◆ Data excerpts ◆
• • • • • • •
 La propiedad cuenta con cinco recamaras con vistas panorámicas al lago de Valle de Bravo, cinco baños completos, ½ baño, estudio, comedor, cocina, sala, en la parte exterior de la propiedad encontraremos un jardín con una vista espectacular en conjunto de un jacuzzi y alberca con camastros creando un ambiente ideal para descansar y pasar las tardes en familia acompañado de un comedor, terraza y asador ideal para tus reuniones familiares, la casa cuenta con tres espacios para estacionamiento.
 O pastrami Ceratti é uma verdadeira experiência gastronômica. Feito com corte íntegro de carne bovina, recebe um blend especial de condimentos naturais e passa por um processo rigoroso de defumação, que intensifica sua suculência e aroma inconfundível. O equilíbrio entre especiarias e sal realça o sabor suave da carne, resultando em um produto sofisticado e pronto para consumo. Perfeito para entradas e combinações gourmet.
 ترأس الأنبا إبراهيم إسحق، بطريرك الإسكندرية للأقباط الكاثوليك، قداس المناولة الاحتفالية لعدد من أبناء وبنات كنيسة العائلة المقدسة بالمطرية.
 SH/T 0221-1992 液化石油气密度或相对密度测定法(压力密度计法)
• • • • • • •
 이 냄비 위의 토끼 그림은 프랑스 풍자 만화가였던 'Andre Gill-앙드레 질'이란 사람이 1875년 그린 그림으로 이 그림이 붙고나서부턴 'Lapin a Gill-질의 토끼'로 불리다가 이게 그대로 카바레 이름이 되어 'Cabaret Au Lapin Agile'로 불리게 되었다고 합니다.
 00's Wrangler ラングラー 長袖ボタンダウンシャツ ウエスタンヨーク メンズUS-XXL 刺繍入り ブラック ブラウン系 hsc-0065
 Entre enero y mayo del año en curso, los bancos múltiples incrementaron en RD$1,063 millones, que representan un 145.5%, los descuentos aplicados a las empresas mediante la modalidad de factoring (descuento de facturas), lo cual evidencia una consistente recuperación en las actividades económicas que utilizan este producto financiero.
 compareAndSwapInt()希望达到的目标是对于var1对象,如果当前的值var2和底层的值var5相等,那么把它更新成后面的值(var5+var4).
• • • • • • •
◆ Activity ◆
The response must hold only the lines above from the line with "이 냄비 위의 토끼 그림은" through the line with "compareAndSwap", each copied exactly, both ends kept.

◆ Answer for the task ◆
 이 냄비 위의 토끼 그림은 프랑스 풍자 만화가였던 'Andre Gill-앙드레 질'이란 사람이 1875년 그린 그림으로 이 그림이 붙고나서부턴 'Lapin a Gill-질의 토끼'로 불리다가 이게 그대로 카바레 이름이 되어 'Cabaret Au Lapin Agile'로 불리게 되었다고 합니다.
 00's Wrangler ラングラー 長袖ボタンダウンシャツ ウエスタンヨーク メンズUS-XXL 刺繍入り ブラック ブラウン系 hsc-0065
 Entre enero y mayo del año en curso, los bancos múltiples incrementaron en RD$1,063 millones, que representan un 145.5%, los descuentos aplicados a las empresas mediante la modalidad de factoring (descuento de facturas), lo cual evidencia una consistente recuperación en las actividades económicas que utilizan este producto financiero.
 compareAndSwapInt()希望达到的目标是对于var1对象,如果当前的值var2和底层的值var5相等,那么把它更新成后面的值(var5+var4).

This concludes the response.